- **Exercise**: Within the entries below, please return exactly the lines from the one with "Bedroom with 1" through the one with "to ₹3465.60 a year |", leaving out any pictures.

- **Task data**:

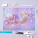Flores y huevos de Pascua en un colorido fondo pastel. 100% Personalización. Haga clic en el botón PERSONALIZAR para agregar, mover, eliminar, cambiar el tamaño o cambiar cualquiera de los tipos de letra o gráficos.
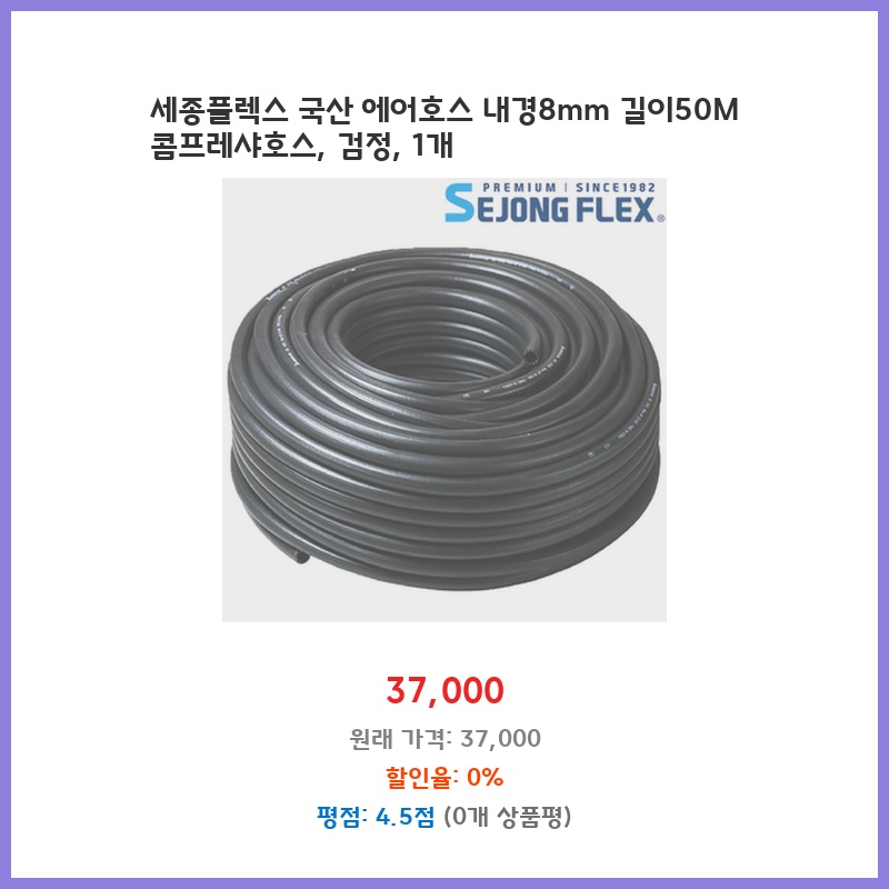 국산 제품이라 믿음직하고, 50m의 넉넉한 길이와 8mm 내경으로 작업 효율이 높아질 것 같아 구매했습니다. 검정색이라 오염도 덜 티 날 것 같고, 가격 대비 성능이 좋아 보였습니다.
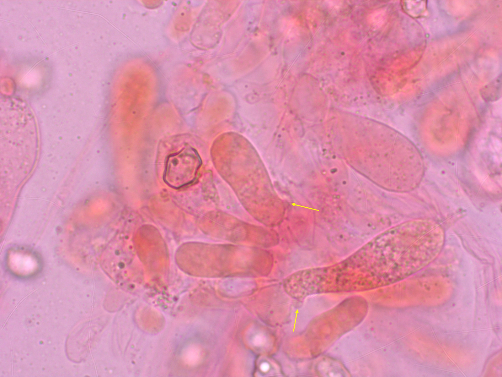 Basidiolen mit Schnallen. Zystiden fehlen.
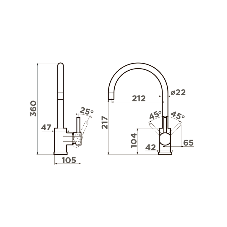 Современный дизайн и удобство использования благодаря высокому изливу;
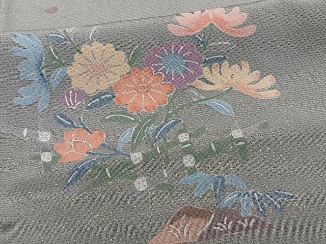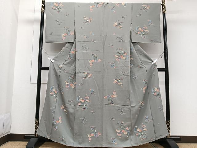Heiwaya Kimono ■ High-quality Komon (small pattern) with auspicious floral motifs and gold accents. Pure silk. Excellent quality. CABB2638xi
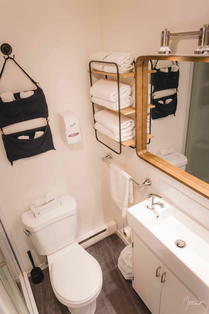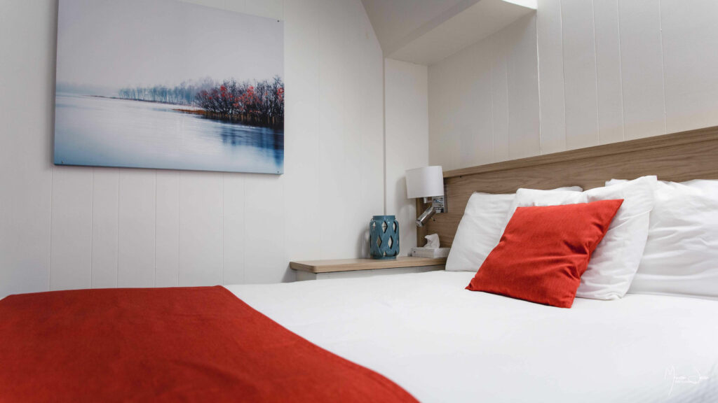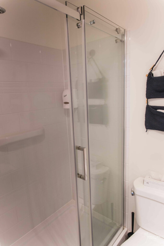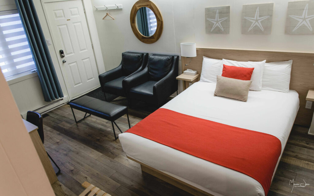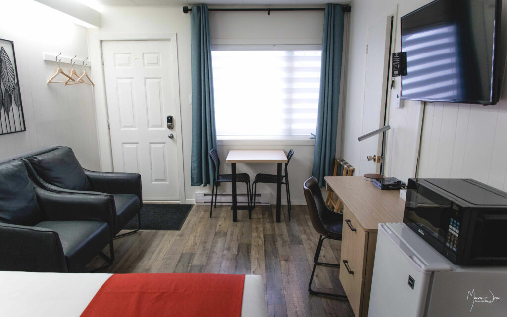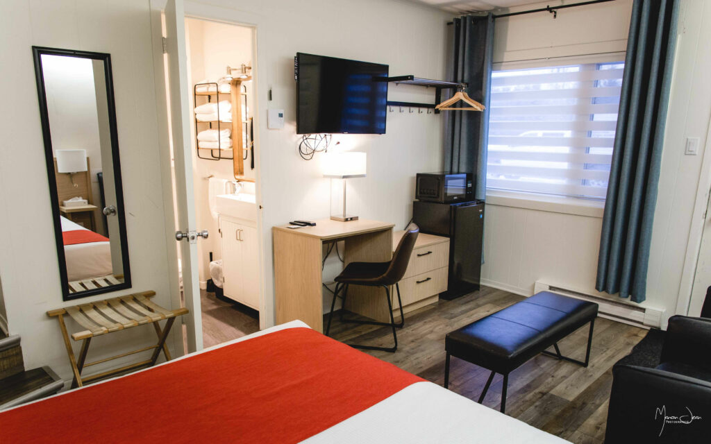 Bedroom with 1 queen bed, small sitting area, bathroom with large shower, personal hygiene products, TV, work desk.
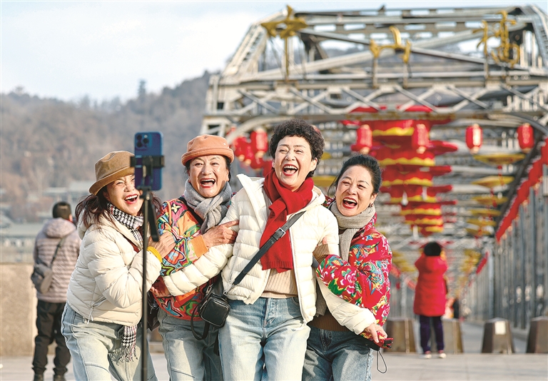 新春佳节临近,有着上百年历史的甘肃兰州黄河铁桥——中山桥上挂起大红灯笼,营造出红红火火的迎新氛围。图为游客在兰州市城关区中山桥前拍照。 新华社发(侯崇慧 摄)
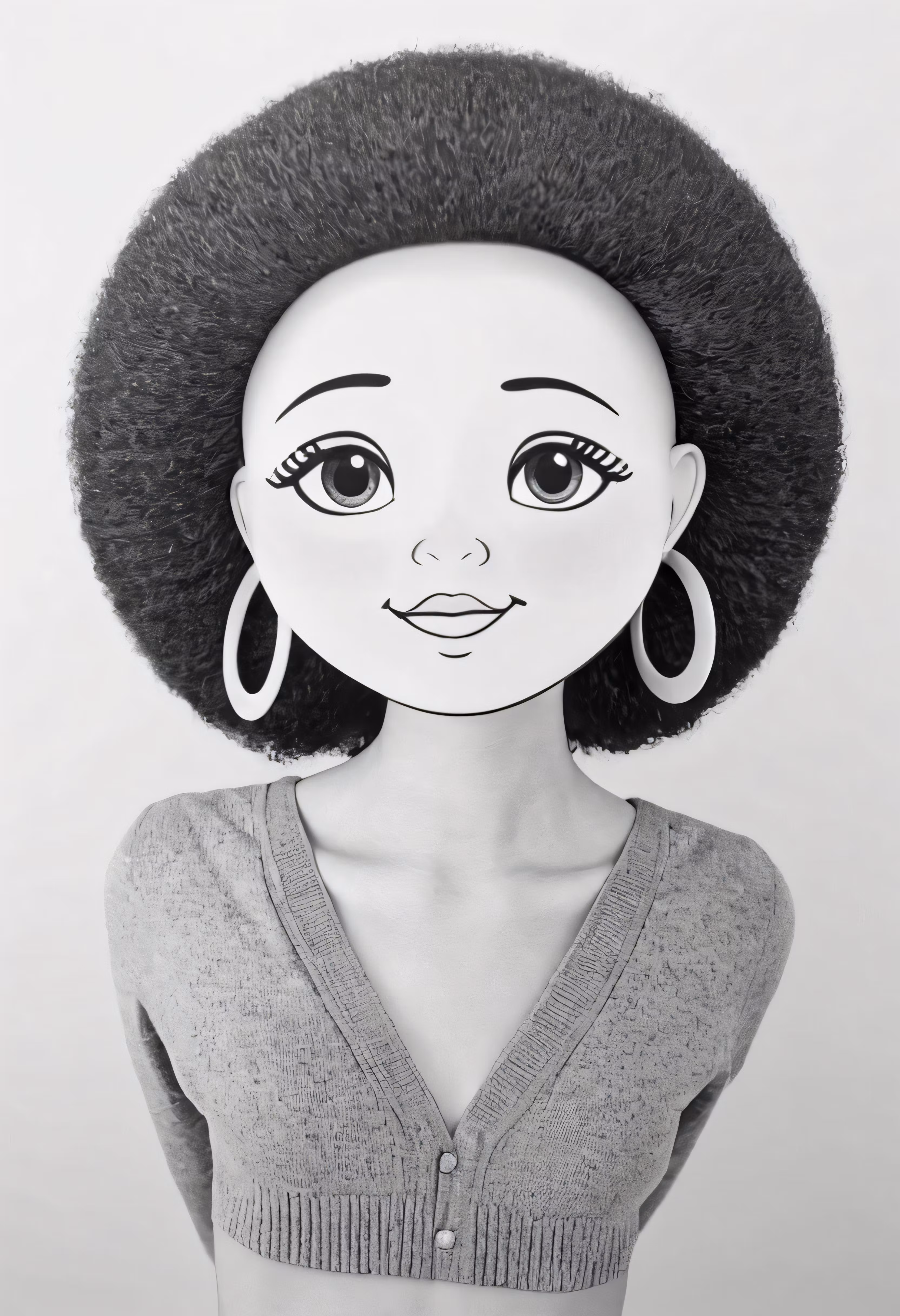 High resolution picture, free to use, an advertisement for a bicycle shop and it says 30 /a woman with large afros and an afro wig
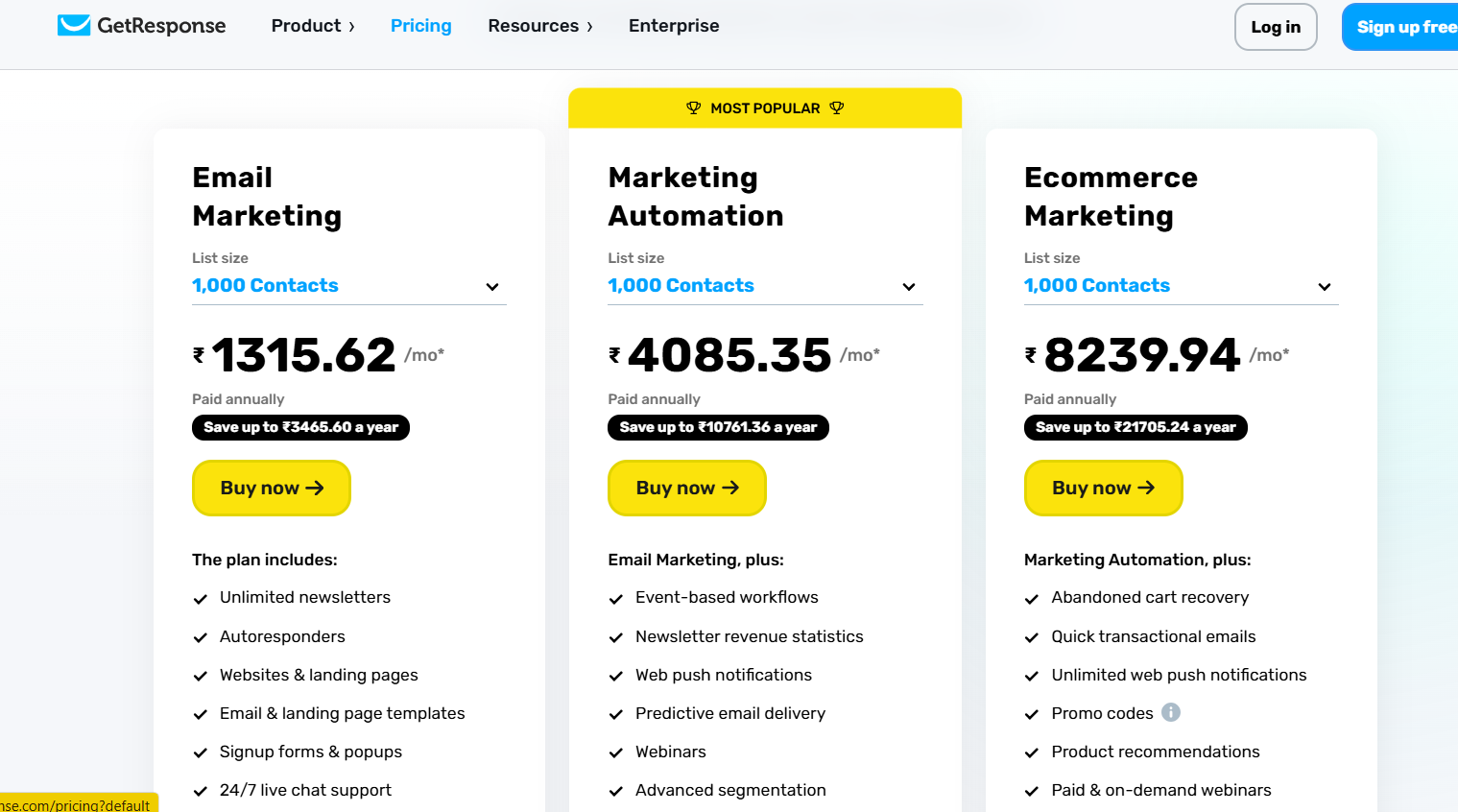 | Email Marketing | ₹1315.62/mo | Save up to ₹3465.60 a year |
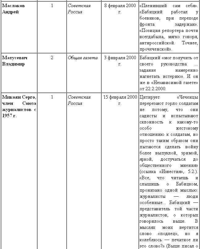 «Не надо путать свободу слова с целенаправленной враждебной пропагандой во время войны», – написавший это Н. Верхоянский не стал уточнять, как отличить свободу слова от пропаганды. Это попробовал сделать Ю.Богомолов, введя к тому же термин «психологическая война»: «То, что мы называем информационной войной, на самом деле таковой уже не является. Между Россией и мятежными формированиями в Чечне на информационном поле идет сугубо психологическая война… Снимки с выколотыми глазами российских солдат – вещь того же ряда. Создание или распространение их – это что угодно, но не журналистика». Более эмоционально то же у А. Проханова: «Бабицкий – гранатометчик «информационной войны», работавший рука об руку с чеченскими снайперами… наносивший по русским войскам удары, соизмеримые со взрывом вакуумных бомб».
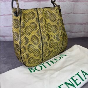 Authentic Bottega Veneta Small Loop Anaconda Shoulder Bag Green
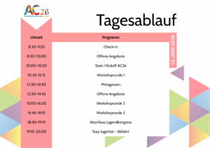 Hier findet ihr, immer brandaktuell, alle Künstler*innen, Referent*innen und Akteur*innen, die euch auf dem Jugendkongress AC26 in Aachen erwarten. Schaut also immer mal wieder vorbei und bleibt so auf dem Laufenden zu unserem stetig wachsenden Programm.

- **Output**:
 Bedroom with 1 queen bed, small sitting area, bathroom with large shower, personal hygiene products, TV, work desk.
 新春佳节临近,有着上百年历史的甘肃兰州黄河铁桥——中山桥上挂起大红灯笼,营造出红红火火的迎新氛围。图为游客在兰州市城关区中山桥前拍照。 新华社发(侯崇慧 摄)
 High resolution picture, free to use, an advertisement for a bicycle shop and it says 30 /a woman with large afros and an afro wig
 | Email Marketing | ₹1315.62/mo | Save up to ₹3465.60 a year |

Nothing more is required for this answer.